Over the last thirty years, it has become evident that the curse of dimensionality extends across global challenges from climate change and threats to biodiversity, to increasing disparities and insularity among social groups. To improve causal understanding requires lowering the dimension of these complex processes. This in turn requires experiential knowledge across many disciplines and thus expanded definitions of relevant research foci and methods.3 Public health has partially addressed this through a renewed commitment to investigating health outcomes as parts of socio-ecologic systems, a return to the holistic roots of the field in the nineteenth and early twentieth centuries.4,5

Delving into the health impacts of the systems involved in climate change6 or social disparities,7 public health researchers are trying to confront causal tangles not easily solved using conventional analytical approaches such as simple linear or logistic regression models. Identifying major risk factors for disease can lead to misleading results when studying large numbers of variables interacting at multiple social, spatial, and temporal scales.811 In the case of epidemiology, in particular, the risk factor approach has been critically evaluated in discussions of “black box” epidemiology.12 There have been subsequent calls for multi-level analysis,13 more sophisticated analysis of causal webs,14 and the need to move away from proximate (individual) and toward ultimate (socio-ecologic) causes of disease.15

Since the late 1990s, therefore, public-health methodologists have been evaluating how researchers move between population samples, joint distributions of variables, and the “data-generating mechanisms”1 that underlie them. Arguably their most important insight is that, beyond the confines of strict experimental control, causal inference must proceed from prior assumptions or beliefs about data-generating mechanisms.16,17 These causal assumptions, unlike associational assumptions, are fundamentally untestable; their validity hinges on the researcher’s ability to identify and accurately map the true data-generating mechanism underlying a distribution of interest.1

Much of the early causal inference literature, however, created its evidence only within an experimental paradigm. Some recent discussions of causal inference have called for broader types of evidence to describe data-generating mechanisms: Schwartz et al.18 (see also Kaufman19), for example, criticized the excessive attention on intervention designs as the only legitimate form of causal exploration, and Krieger and Davey-Smith called for “different strands of evidence produced by myriad methods.”20

We propose that field research iterating cycles of observation and mechanistic modeling represents a useful approach to explore and evaluate candidate data-generating mechanisms. Participant observation is especially appropriate when modeling human behavioral influences on disease. Other kinds of observation related to physical or natural processes (e.g., rainfall patterns, soil composition, and animal behavior) along with mechanistic modeling can reveal the relevant causal dynamics of non-human or non-behavioral influences on disease. This is precisely the experiential knowledge that Pearl promotes as essential for causal inference. For the purposes of this commentary, we focus on participant observation of social processes to illustrate our ideas about how to link observed associations to theories about causality.

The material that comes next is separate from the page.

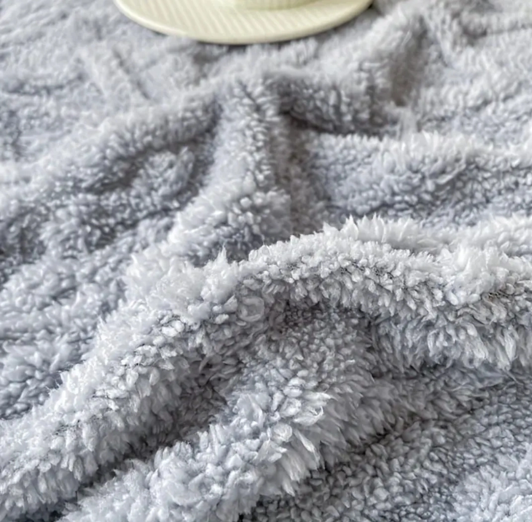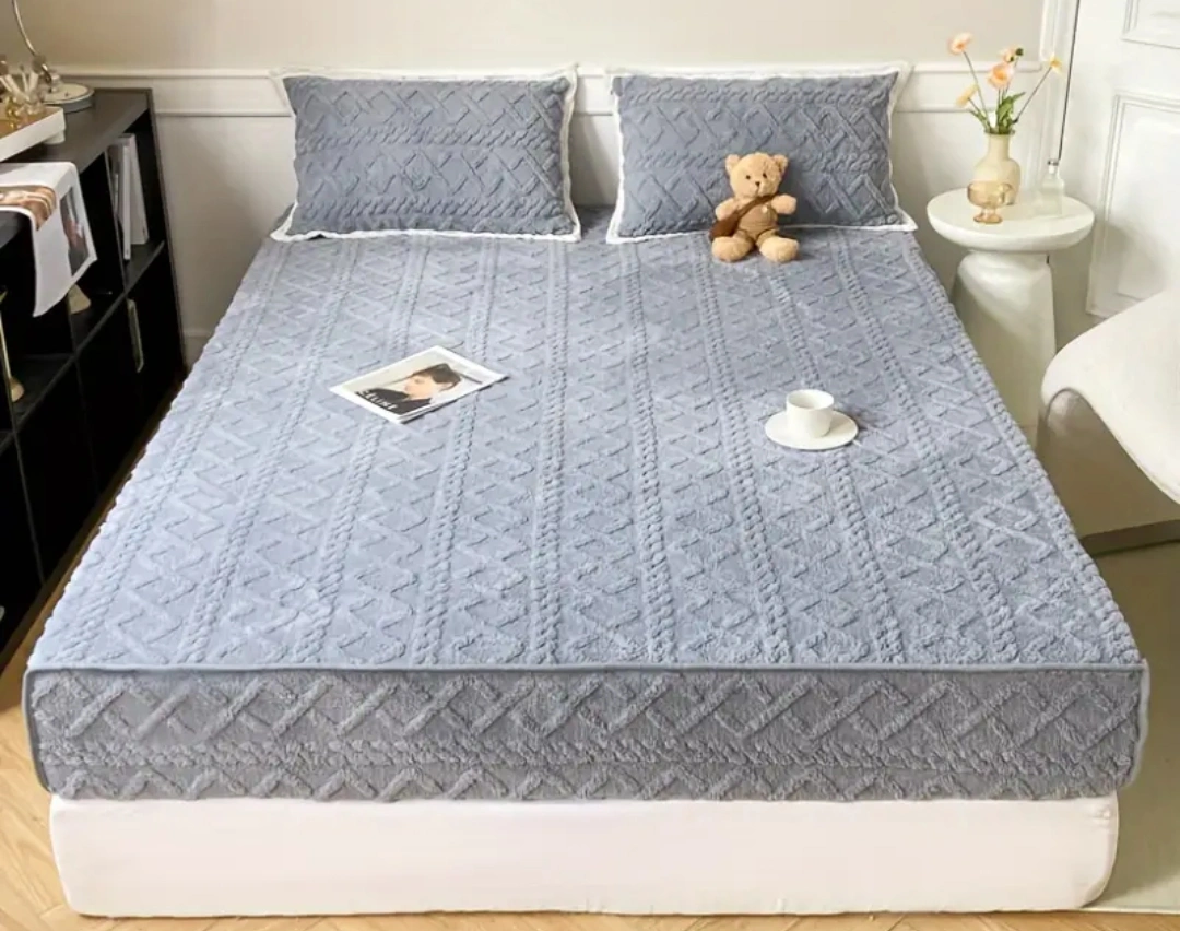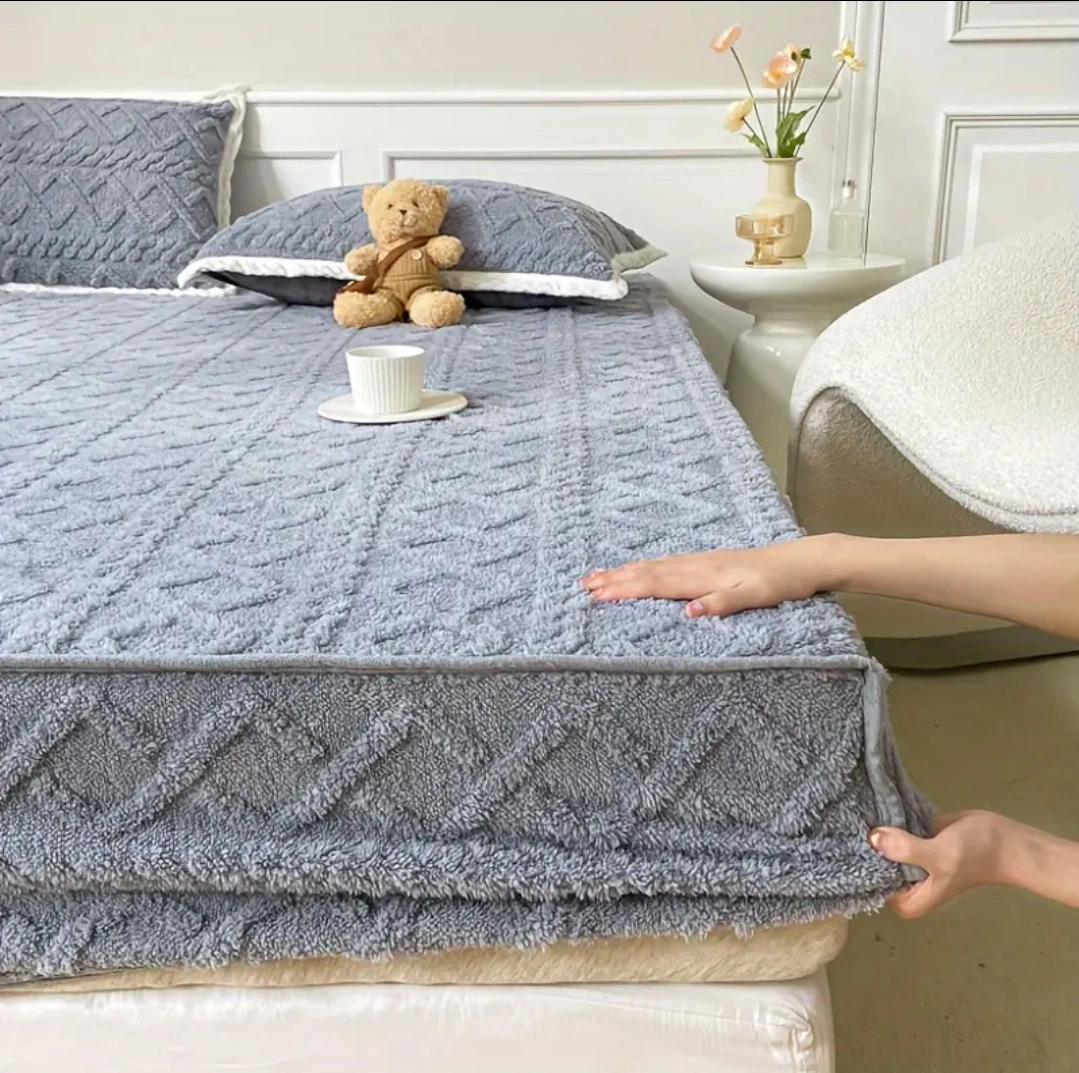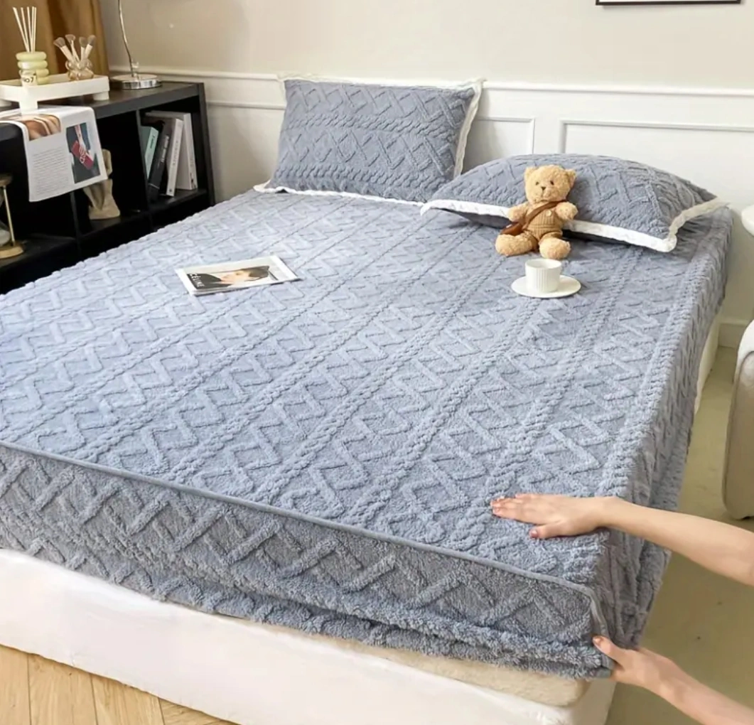 Brand New Queen Soft grey fleece Fitted Sheet. Features a knitted pattern. No pillowcases. Adds warmth and comfort to your bed.

Participant observation methods are especially important for epidemiologists collecting data in communities (“shoe-leather” studies), but we think that epidemiologists doing secondary analysis of existing data would also benefit from referring to these kinds of data. As we next point out, fundamental elements of this approach were instrumental to the early development of public health, especially in studies of infectious disease.

The power of participant observation

By participant observation, I mean a technique […] of getting data, it seems to me, by subjecting yourself, your own body and your own personality, and your own social situation, to the set of contingencies that play upon a set of individuals […]. So that you are close to them while they are responding to what life does to them. […] To me, that’s the core of observation.

– Erving Goffman21

Modern public health relies heavily on observational evidence gathered in the field. Researchers collecting community level data spend substantial amounts of time in the communities they study in order to identify and interact with key informants, conduct focus groups, administer surveys to carefully selected samples of individuals, and measure predefined variables. They may also collect relevant information in an informal way as they are repeatedly exposed to and share in the details of daily community life. Although unconstrained experiential observation of this sort is seldom included as an explicit aim of modern public-health fieldwork, when carried out intensively it can enrich the static snapshots of system states produced through standard observational techniques. It can stimulate and guide intuition and creativity—whose role in epidemiology was recently highlighted in this journal22—and ultimately facilitate causal inference.

Intensive engagement with a system over time stimulates researchers to consider target phenomena from diverse perspectives, promoting continuous, responsive counterfactual reasoning. When accumulating perceptions and experiences of daily life, researchers can abstract observed patterns into categories—social roles, types of objects and places, etc.—and the relations that link them in recurring types of interactions. Researchers can then systematically evaluate the coherence and operation of these categories and relations across data sets, time, and situations.23

Anthropologists and sociologists use the term “participant observation” to refer to fieldwork designed to elicit this sort of immersive engagement with a system (Figure part C), and have written extensively about its methodologic underpinnings.24 Well before the formal advent of participant observation within anthropology and sociology, however, close precursors were pioneered in nineteenth-century public health.25,26 In the case of measles, for instance, over a century before the isolation of the virus, Peter Panum used detailed studies of diets, habits, and living conditions following an outbreak in the Faroe Islands to show its respiratory transmission, incubation period, and the lifelong immunity it confers. During 8 months, he visited 52 villages, talking with those who had contracted the disease, verifying the timeline of its progression, and showing the relationship between people’s gathering together in group fish hunts and their subsequent infection.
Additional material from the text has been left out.